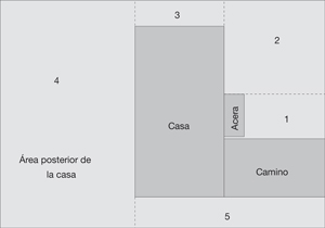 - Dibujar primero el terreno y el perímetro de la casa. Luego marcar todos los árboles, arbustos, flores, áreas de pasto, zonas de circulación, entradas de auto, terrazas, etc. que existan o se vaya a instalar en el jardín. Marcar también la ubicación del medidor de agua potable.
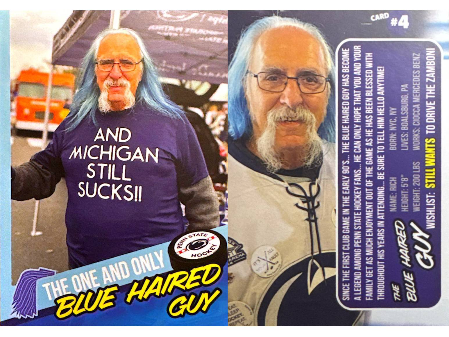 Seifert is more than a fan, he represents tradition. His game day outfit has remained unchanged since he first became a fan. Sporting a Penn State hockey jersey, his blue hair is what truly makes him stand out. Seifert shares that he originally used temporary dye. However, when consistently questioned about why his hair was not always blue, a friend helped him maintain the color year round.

--

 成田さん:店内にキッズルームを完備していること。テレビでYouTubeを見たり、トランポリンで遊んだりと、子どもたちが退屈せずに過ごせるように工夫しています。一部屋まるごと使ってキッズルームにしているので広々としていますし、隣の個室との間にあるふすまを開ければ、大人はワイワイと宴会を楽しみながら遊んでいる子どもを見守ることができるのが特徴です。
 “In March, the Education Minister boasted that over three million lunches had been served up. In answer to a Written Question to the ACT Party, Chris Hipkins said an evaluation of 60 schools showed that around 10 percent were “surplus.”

...

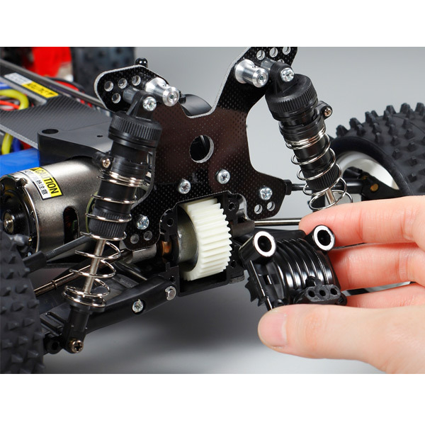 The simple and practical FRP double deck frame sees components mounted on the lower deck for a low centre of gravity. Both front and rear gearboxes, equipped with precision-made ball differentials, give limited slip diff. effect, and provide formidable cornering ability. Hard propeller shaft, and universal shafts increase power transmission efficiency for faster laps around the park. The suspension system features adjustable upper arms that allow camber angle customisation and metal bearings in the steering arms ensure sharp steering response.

## Task instructions
Leaving out each picture, repeat exactly the lines above from the one that contains "- Dibujar primero" through the one that contains "Seifert is more".

## Reply
 - Dibujar primero el terreno y el perímetro de la casa. Luego marcar todos los árboles, arbustos, flores, áreas de pasto, zonas de circulación, entradas de auto, terrazas, etc. que existan o se vaya a instalar en el jardín. Marcar también la ubicación del medidor de agua potable.
 Seifert is more than a fan, he represents tradition. His game day outfit has remained unchanged since he first became a fan. Sporting a Penn State hockey jersey, his blue hair is what truly makes him stand out. Seifert shares that he originally used temporary dye. However, when consistently questioned about why his hair was not always blue, a friend helped him maintain the color year round.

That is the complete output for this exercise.